As this version seem quicker than perl version, I post them here:
#!/bin/bash
prog=${0##*/}
usage() {
cat <<EOUsage
Usage: $prog <start date> <end date> <logfile>
Each argument are required. End date could by `now`.
EOUsage
}
die() {
echo >&2 "ERROR $prog: $*"
exit 1
}
(($#==3))|| { usage; die 'Wrong number of arguments.';}
[[ -f $3 ]] || die "File not found."
# Conversion of argument to EPOCHSECONDS by asking `date` for the two conversions
{
read -r start
read -r end
} < <(
date -f - +%s <<<"$1"$'\n'"$2"
)
# Determing wich kind of log format, between "apache logs" and "system logs":
read -r oline <"$3" # read one log line
if [[ $oline =~ ^[^\ ]{3}\ +[0-9]{1,2}\ +([0-9]{2}:){2}[0-9]+ ]]; then
# Look like syslog format
sedcmd='s/^\([^ ]\{3\} \+[0-9]\{1,2\} \+\([0-9]\{2\}:\)\{2\}[0-9]\+\).*/\1/'
elif [[ $oline =~ ^[^\[]+\[[0-9]+/[^\ ]+/([0-9]+:){3}[0-9]+\ \+[0-9]+\] ]]; then
# Look like apache logs
sedcmd='s/^[0-9.]\+ \+[^ ]\+ \+[^ ]\+ \[\([^]]\+\)\].*$/\1/;s/:/ /;y|/|-|'
else
die 'Log format not recognized'
fi
# Print lines begining by `1<tabulation>`
sed -ne s/^1\\o11//p <(
# paste `bc` tests with log file
paste <(
# bc will do comparison against EPOCHSECONDS returned by date and $start - $end
bc < <(
# Create a bc function for testing against $start - $end.
cat <<EOInitBc
define void f(x) {
if ((x>$start) && (x<$end)) { 1;return ;};
0;}
EOInitBc
# Run sed to extract date strings from logfile, then
# run date to convert string to EPOCHSECONDS
sed "$sedcmd" <"$3" |
date -f - +'f(%s)'
)
) "$3"
)
Explanation
Script run sed to extract date strings from logfile
Pass date strings to date -f - +%s to convert in one run all strings to EPOCH (Unix Timestamp).

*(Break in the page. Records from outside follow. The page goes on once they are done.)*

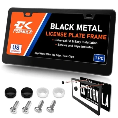 CK Formula Black License Plate Frame, Aluminum Metal, 2 Pre Drilled Screw Holes with Install Kit, Universal Fit, Car Wash Safe, Weatherproof, 1 Piece
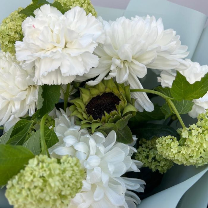 Хризантема Антонов – 3 шт.Вибурнум – 2 шт.Подсолнух – 1 шт.Диантус – 4 шт.Пленка дизайнерская – 1 шт.Лента – 1 шт.
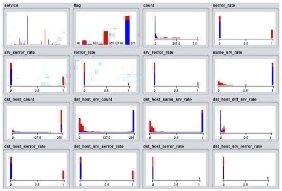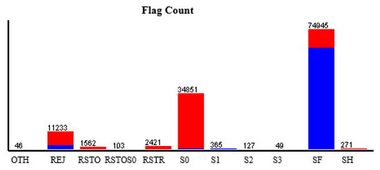 For real-time anomaly signal detection, the system must simultaneously upload continuous signal analysis results and determine the basis feature for the received signal. As mentioned above, flag(4) is chosen from the KDDTrain dataset used in this paper. The Figure 5 shows the relationship between the 15 features used, and Table 5 summarizes the number of classes in flag(4). The results according to Table 5 are shown in Figure 6. Red stands for “anomaly” and blue stands for normal. The Figure 5 contains 11 classes defined by the Flag: OTH, REJ, RSTO, RSTOS0, RSTR, S0, S1, S2, S3, SF, and SH. First, S0 received 34,851 signals, and they were all determined to be an anomaly (red color). Based on Table 4, S0 determined an anomaly with 99.7% (0.997) accuracy. REJ received 11,233 signals with a normal or anomaly judgment accuracy of 98.7% (0.987).

Run bc for the tests: print 1 if min > date > max or else print 0.
Run paste to merge bc output with logfile.
Finally run sed to find lines that match 1<tab> then replace match with nothing, then print.
So this script will fork 5 subprocess to do dedicated things by specialised tools, but won't do shell loop against each lines of logfile!
** Note:
Of course, this is quicker on my host because I run on a multicore processor, each task run parallelized!!
Conclusion:
This is not a program! This is an aggregation script!
If you consider bash not as a programming language, but as a super language or a tools aggregator, you could take the full power of all your tools!!
If someone encounters with the awk: invalid -v option, here's a script to get the most active IPs in a predefined time range:
cat <FILE_NAME> | awk '$4 >= "[04/Jul/2017:07:00:00" && $4 < "[04/Jul/2017:08:00:00"' | awk '{print $1}' | sort -n | uniq -c | sort -nr | head -20
Very quick and readable way to do it in Python. This seems to be faster than the bash version. (Computed time is displayed using an internal module which has been striped from this code)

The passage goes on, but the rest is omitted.